Your reply should reproduce the data below without a single alteration, apart from dropping the images.

- Data segment -
Segment Open
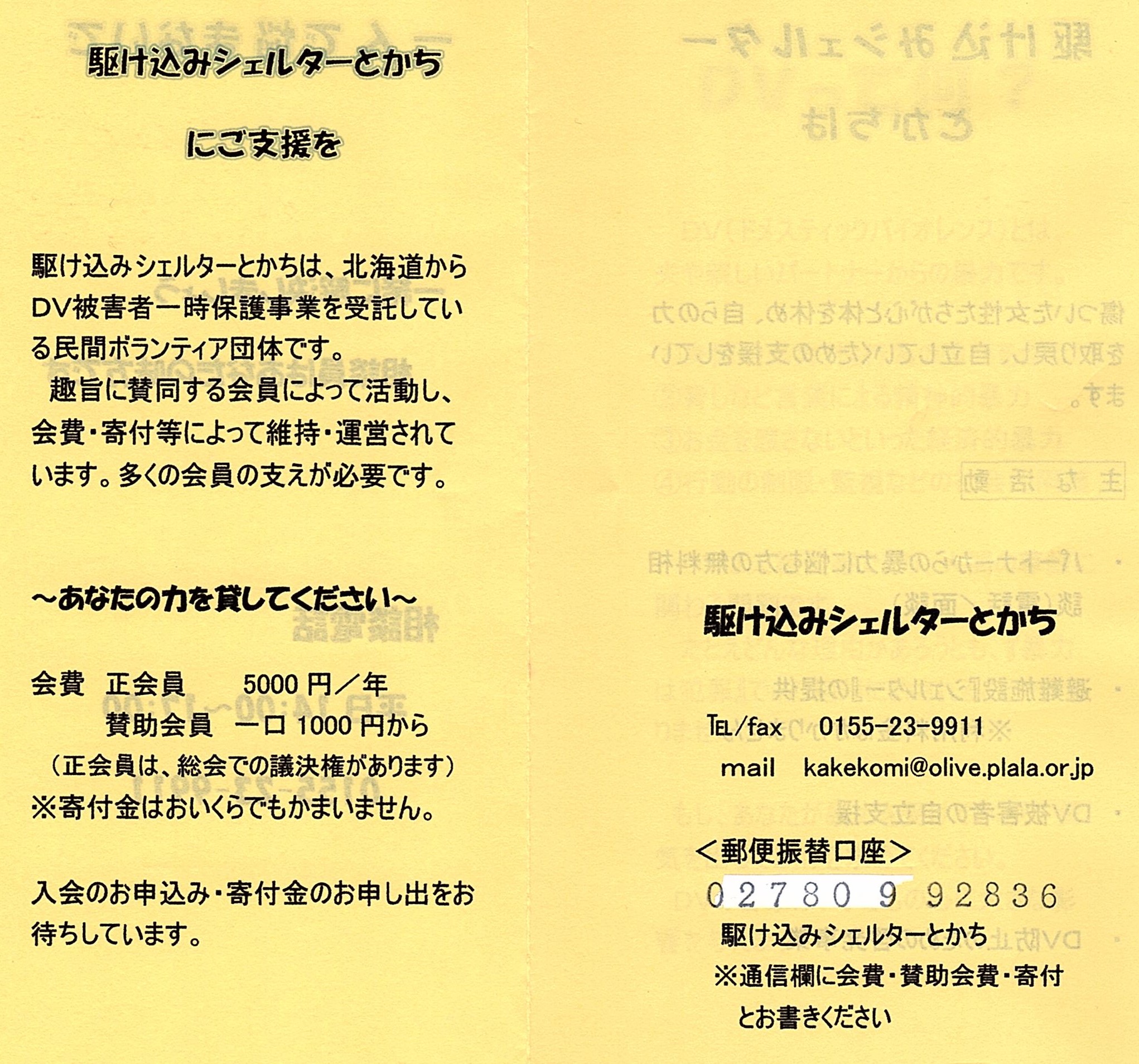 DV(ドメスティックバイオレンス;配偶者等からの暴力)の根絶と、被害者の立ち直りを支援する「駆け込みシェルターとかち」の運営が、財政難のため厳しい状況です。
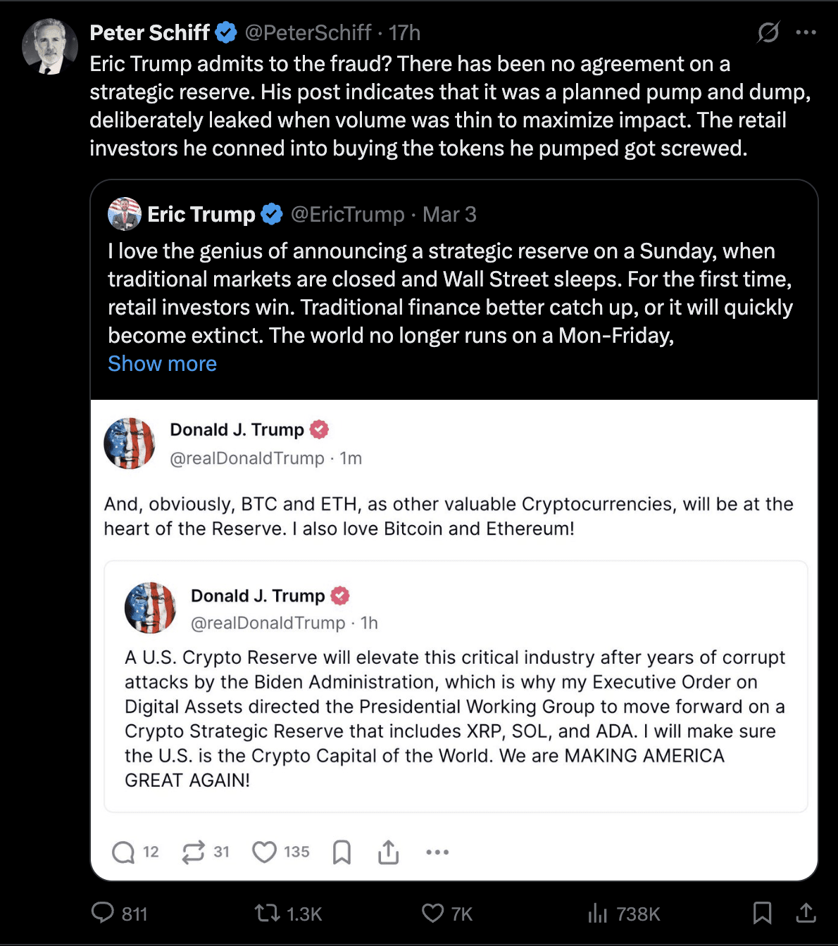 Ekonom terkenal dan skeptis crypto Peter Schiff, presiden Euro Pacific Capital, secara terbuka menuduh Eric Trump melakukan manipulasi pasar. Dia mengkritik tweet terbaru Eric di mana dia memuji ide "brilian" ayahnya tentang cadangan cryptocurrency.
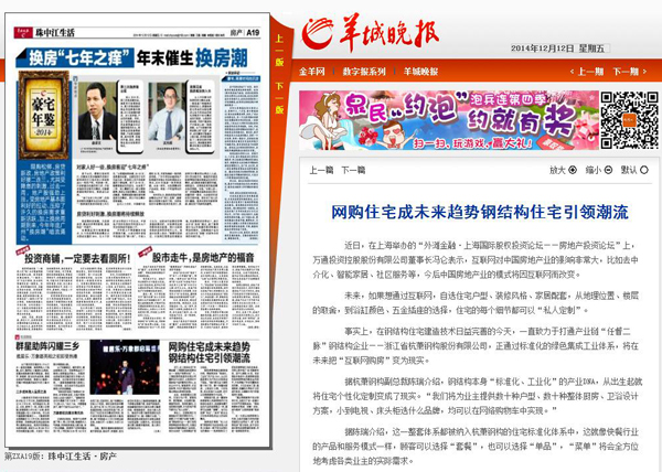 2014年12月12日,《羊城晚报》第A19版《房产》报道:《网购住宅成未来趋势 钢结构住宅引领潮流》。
Segment Closed
- Written reply -
 DV(ドメスティックバイオレンス;配偶者等からの暴力)の根絶と、被害者の立ち直りを支援する「駆け込みシェルターとかち」の運営が、財政難のため厳しい状況です。
 Ekonom terkenal dan skeptis crypto Peter Schiff, presiden Euro Pacific Capital, secara terbuka menuduh Eric Trump melakukan manipulasi pasar. Dia mengkritik tweet terbaru Eric di mana dia memuji ide "brilian" ayahnya tentang cadangan cryptocurrency.
 2014年12月12日,《羊城晚报》第A19版《房产》报道:《网购住宅成未来趋势 钢结构住宅引领潮流》。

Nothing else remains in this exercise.